The prohibition against perjury is designed to avoid a miscarriage of justice. But in a Kafkaesque situation, with a kangaroo court, crooked judge, and crooked prosecutor, everything is inverted.
"Not to mention the Pauline reasoning in Rom. 3 along these very lines of 'sinning that grace might abound.'"
That's not a serious effort to engage the argument. It presumes that lying is a sin. But that's the very question at issue.
"To change the hypothetical up a bit, would it be justifiable to lie to people about the Gospel in order to trick them into confessing Christ, and say in God's good providence He was pleased to regenerate some of the deceived folks, would such tactics be honoring to God?"
That's a silly comparison. You act as though, if lying is sometimes permissible, then lying is always permissible. Suppose we applied your logic to killing.

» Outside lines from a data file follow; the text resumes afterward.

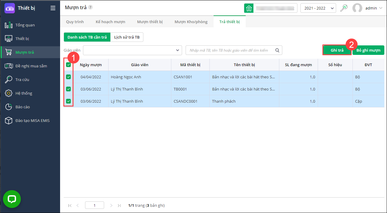 - Tại mục Danh sách TB cần trả, tích chọn các phiếu mượn thiết bị. Nhấn Ghi trả.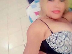 Beautiful trans woman in crossdressing enjoys solo masturbation with toys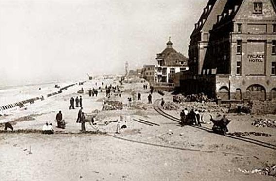 De foto is van na de oorlog. Er is een spoorlijntje aangelegd om het zand af te voeren dat hier nog de Atlantik Wall omsluit. Nadat de boel uitgegraven was, zou de muur voorover gekieperd worden en weer met zand toegedekt. Hij moet er nog steeds liggen, die Atlantik Wall. Dat spoorlijntje hadden ze eigenlijk moeten laten liggen. Had de tram zomaar tot aan de boulevard door kunnen rijden, nog steeds een opwindende gedachte.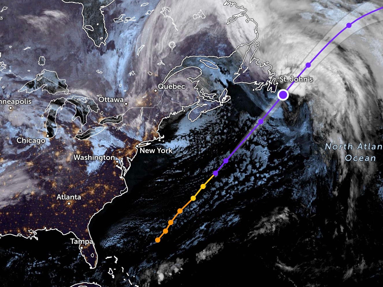La mappa più accurata e non approssimativa di un servizio meteorologico per un ciclone tropicale che ha completato il suo percorso è quella dei dati "Best Track" forniti dal National Hurricane Center (NHC).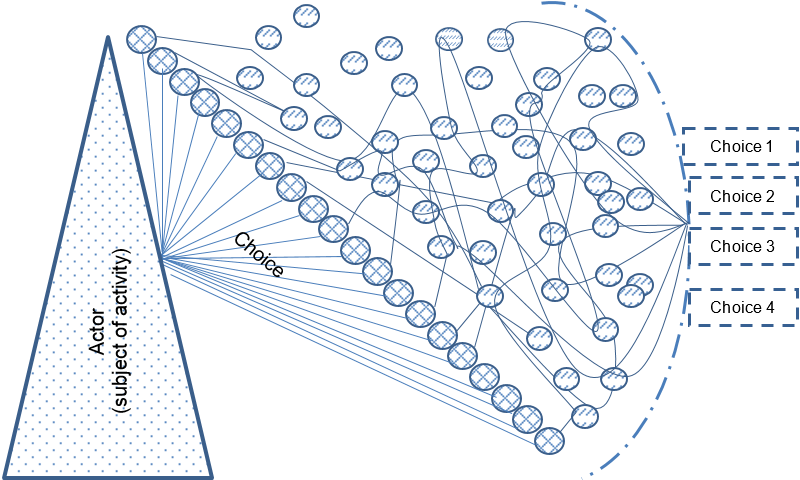 As a result of the work undertaken, we faced a rather difficult problem in the ability and desire to make a choice. While articulating their demands and interests, setting the rating of competencies achievement, the student is faced with the need to make decisions on this choice, which significantly complicates it. Fig. 1 shows the synergetic essence of the choice process, which highlights a complex scheme for constructing and designing an educational programme, taking into account the individual choice of courses and modules by students.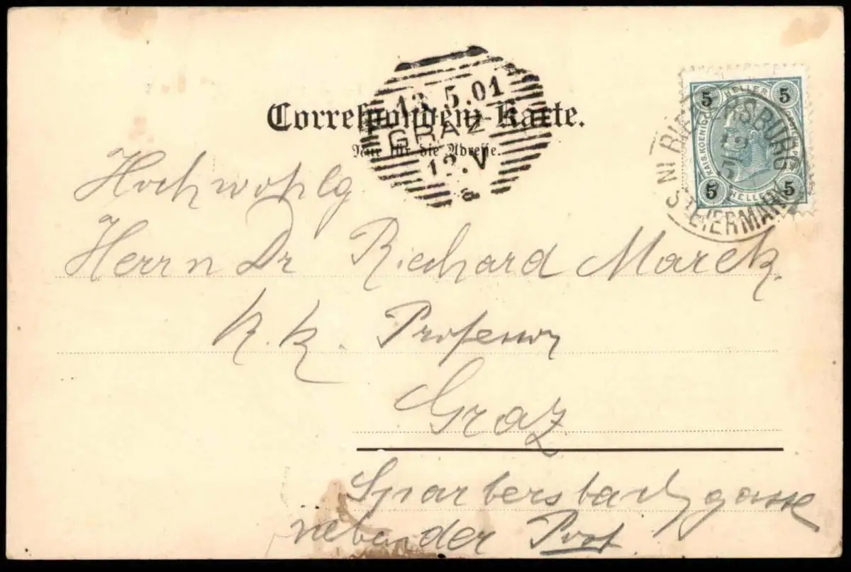 Gelaufen: 12.05.1901 mit Stempel Riegersburg Steiermark nach Graz, Ankunftsstempel Graz 13.05.1901
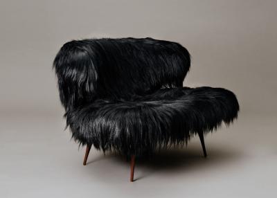Sexy 1970s Lucite & Brass Set of Chairs in Ivory White Bouclé on Casters c. 1970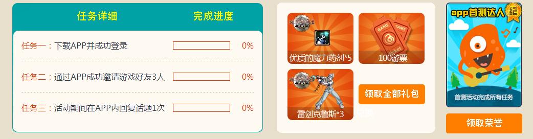 完成以下任务即可获得专属纪念荣誉“app首测达人”和礼包奖励
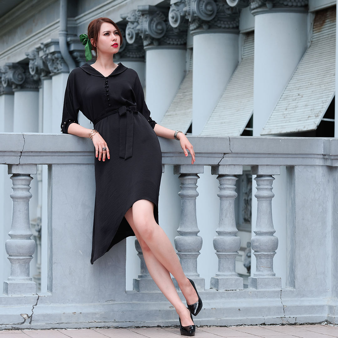 Đầm cho người mập big size Nếu màu sắc càng đơn giản thì càng phù hợp với những bạn có thân hình to béo. Đặc biệt là lợi thế của màu đen sẽ đánh lừa
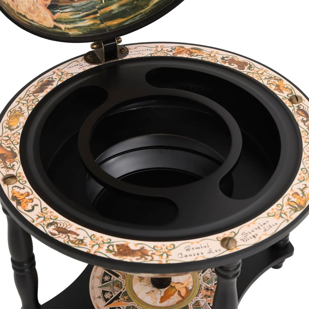 fekete földgömb alakú tömör eukaliptuszfa bárszekrény/bortartó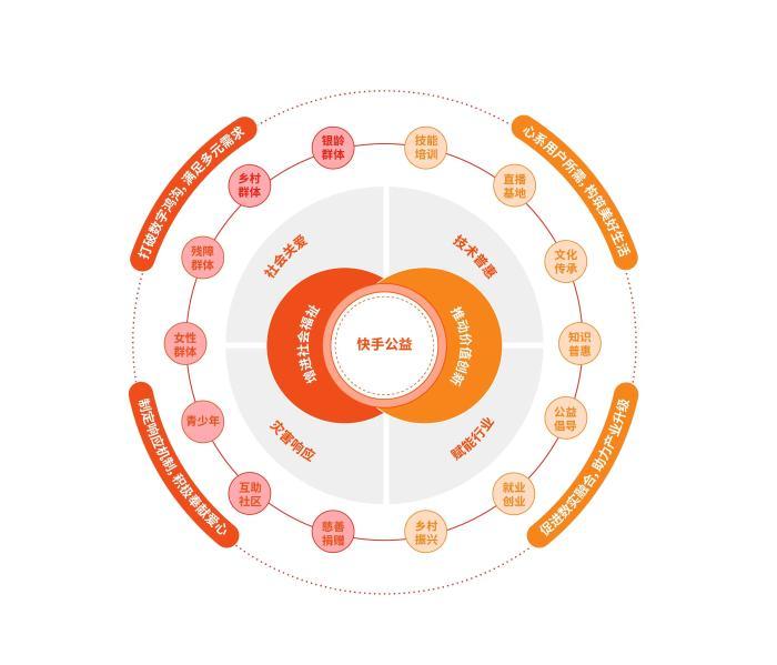 从助力乡村振兴起步,快手公益还扩展到更多社会议题,如就业帮扶、银龄关爱、知识普惠、传统文化传承、残障关爱等,希望构建一个人人参与、互帮互助的温暖社区,用数字技术推动普惠公益。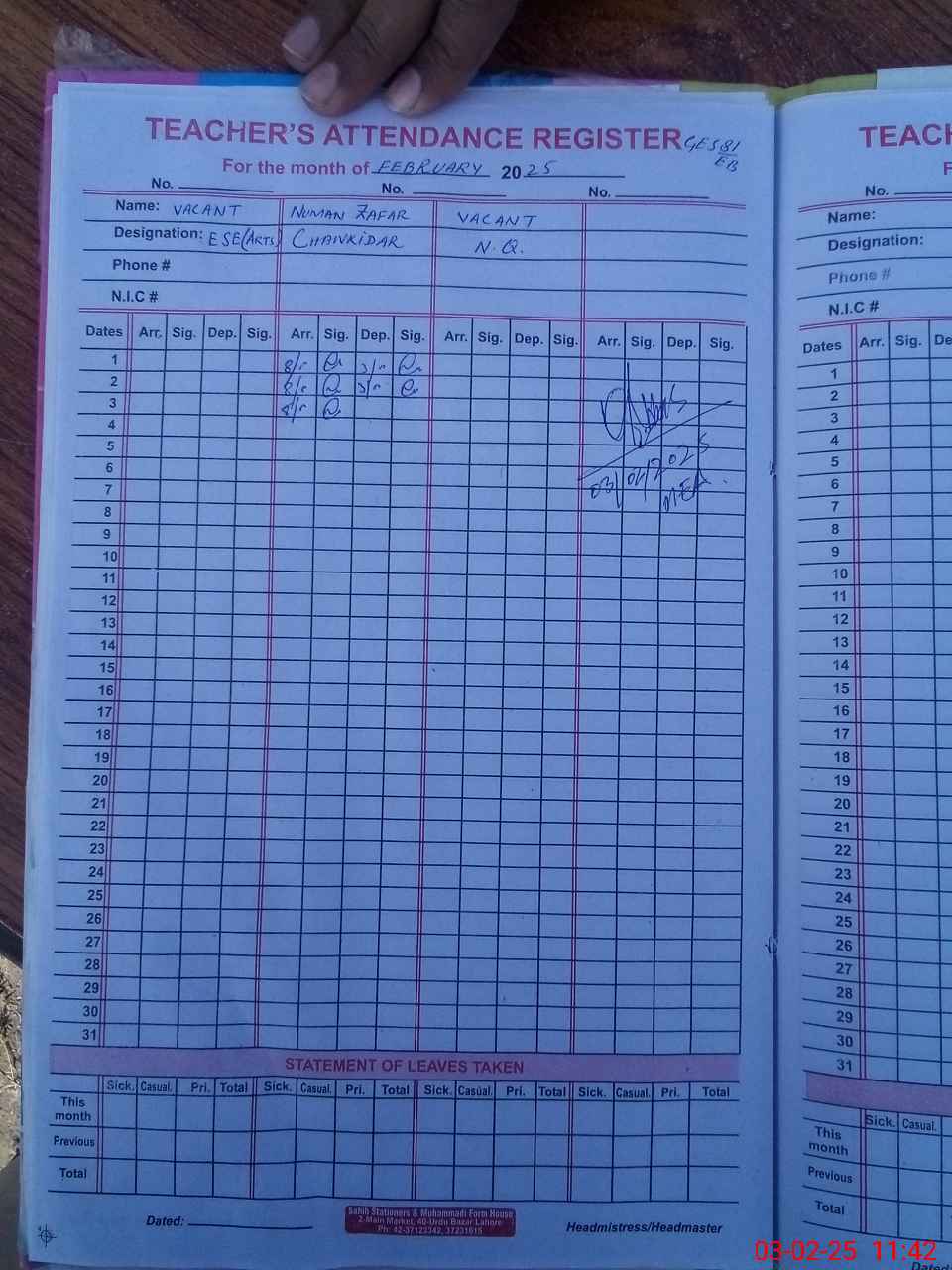 | CNIC | Full Name | Designation | R/C | Absence During Last Calender Month |

To believe the Gospel under false pretenses is not to believe the Gospel at all. How is that comparable to the issue at hand?
"Would the ends justify the means?"
Again, you're being simplistic. Some ends do justify some means. Not all ends. Not all means.
"Shouldn't we rather obey God and do things the way He has clearly prescribed, which includes putting away lying?"
You're talking like a pacifist who quotes the Sermon on the Mount, but disregards every other social obligation in Scripture.
I had lots of verses in mind, but I'm traveling and typing on my phone, so it was a little difficult to put together a list of prooftexts.
Delete"That's a silly comparison. You act as though, if lying is sometimes permissible, then lying is always permissible. Suppose we applied your logic to killing.
To believe the Gospel under false pretenses is not to believe the Gospel at all. How is that comparable to the issue at hand?"
I thought there was an analogy between saving physical lives and spiritual lives, which is why I picked this hypothetical. Plus in my hypothetical God used the deception to actually regenerate the deceived, so you don't get to take that away!
I'm not thinking like a pacifist, although I may sound that way, I'm trying to think Biblically.
I do wonder how if we're to do all things to the glory of God how we lie to the glory of God. Seems an odd thing to conceive of under the New Covenant.
Good thoughts anyway, thanks for the interaction.
"I do wonder how if we're to do all things to the glory of God how we lie to the glory of God. Seems an odd thing to conceive of under the New Covenant."
DeleteLying to the glory of God is no odder than killing to the glory of God. If the latter is compatible with God-glorifying behavior, so is the former.
It's important to define what lying is, yes?
ReplyDeleteThere are scenarios where lying can be defined as telling or describing something that is not literally true. You could be telling a joke, a story, a parable. Other examples are given above – bluffing in poker, giving a "head fake" in a war, being deceptive in order to rightfully preserve life. I don't feel scenarios such as these are what the scriptures have in mind when it condemns lying tongues, or bearing false witness.
Then there are the scenarios where the definition of lying clearly runs afoul of scripture. In a general sense it is those situations where the motive or desired outcome of the lying is sinful – ill gotten gain, bringing wrongful harm to someone, etc.